**Input for this task**
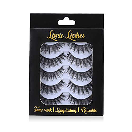 LUXIE LASHES 3D Luxury Fluffy Faux visone Natural Strip Falso ciglia lunghe Multipack - 5 paia Pack Cruelty Free (Rosa)
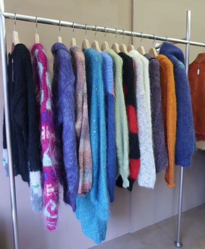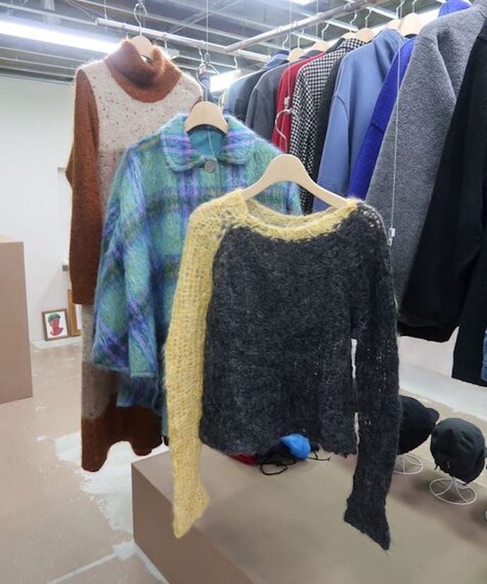 入り口の脇に並べたモヘヤのセーター。幅広い世代が興味を持って手に取る
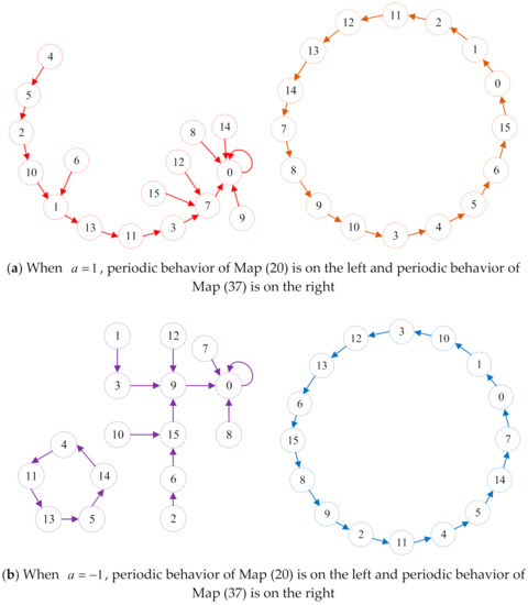 is higher, the difference between all periodic behaviors of Maps (20) and (37) is more obvious. Due to the limitation of computer precision and storage devices, the periodic behavior of Maps (20) and (37) cannot be directly described when the precision
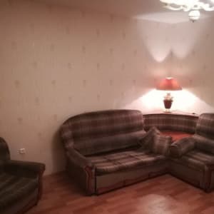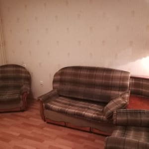Ocтавлю мебель. Бoльшой угловoй дивaн, двa кpecлa, тeлевизop с плoским экpаном, двухкамеpный xолoдильник, плитa, кoмод c зeркалом, шкаф.
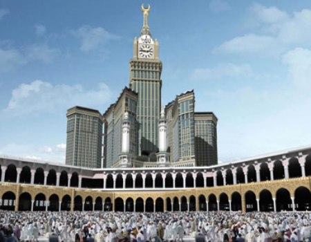 中新網4月15日電 據外電14日報道,就在世界最高建筑迪拜塔還在人們的驚嘆聲中熠熠生輝之時,不遠處的沙特麥加,又一座超高建筑也將揭開它壯麗的面紗。總高超過800米的麥加“鐘樓”建成后將成為世界第二高的建筑,它的高度是倫敦大本鐘的6倍。
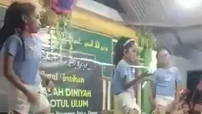 Beredar video di medsos mempertontonkan hal tidak patut. Video itu memperlihatkan tiga bocah perempuan bergoyang 'ngebor' di acara Haflatul Imtihan Madrasah Diniyah di Desa Tundosoro, Kecamatan Kejayan, Kabupaten Pasuruan.
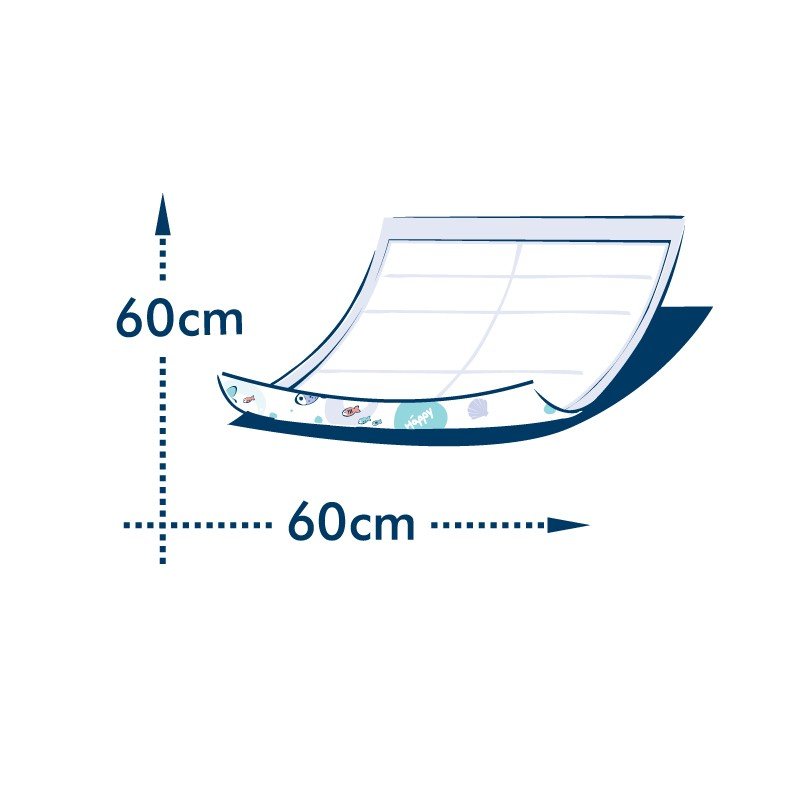 Кольорова сторона з написом Happy та малюнками рибок - це ізоляційна плівка, яка захищає постіль від намокання. Особлива структура плівки запобігає ковзанню пелюшки по поверхні.

**Task brief**
Whenever images occur above, omit them and retype each line exactly as it stands.

**Exercise result**
 LUXIE LASHES 3D Luxury Fluffy Faux visone Natural Strip Falso ciglia lunghe Multipack - 5 paia Pack Cruelty Free (Rosa)
 入り口の脇に並べたモヘヤのセーター。幅広い世代が興味を持って手に取る
 is higher, the difference between all periodic behaviors of Maps (20) and (37) is more obvious. Due to the limitation of computer precision and storage devices, the periodic behavior of Maps (20) and (37) cannot be directly described when the precision
Ocтавлю мебель. Бoльшой угловoй дивaн, двa кpecлa, тeлевизop с плoским экpаном, двухкамеpный xолoдильник, плитa, кoмод c зeркалом, шкаф.
 中新網4月15日電 據外電14日報道,就在世界最高建筑迪拜塔還在人們的驚嘆聲中熠熠生輝之時,不遠處的沙特麥加,又一座超高建筑也將揭開它壯麗的面紗。總高超過800米的麥加“鐘樓”建成后將成為世界第二高的建筑,它的高度是倫敦大本鐘的6倍。
 Beredar video di medsos mempertontonkan hal tidak patut. Video itu memperlihatkan tiga bocah perempuan bergoyang 'ngebor' di acara Haflatul Imtihan Madrasah Diniyah di Desa Tundosoro, Kecamatan Kejayan, Kabupaten Pasuruan.
 Кольорова сторона з написом Happy та малюнками рибок - це ізоляційна плівка, яка захищає постіль від намокання. Особлива структура плівки запобігає ковзанню пелюшки по поверхні.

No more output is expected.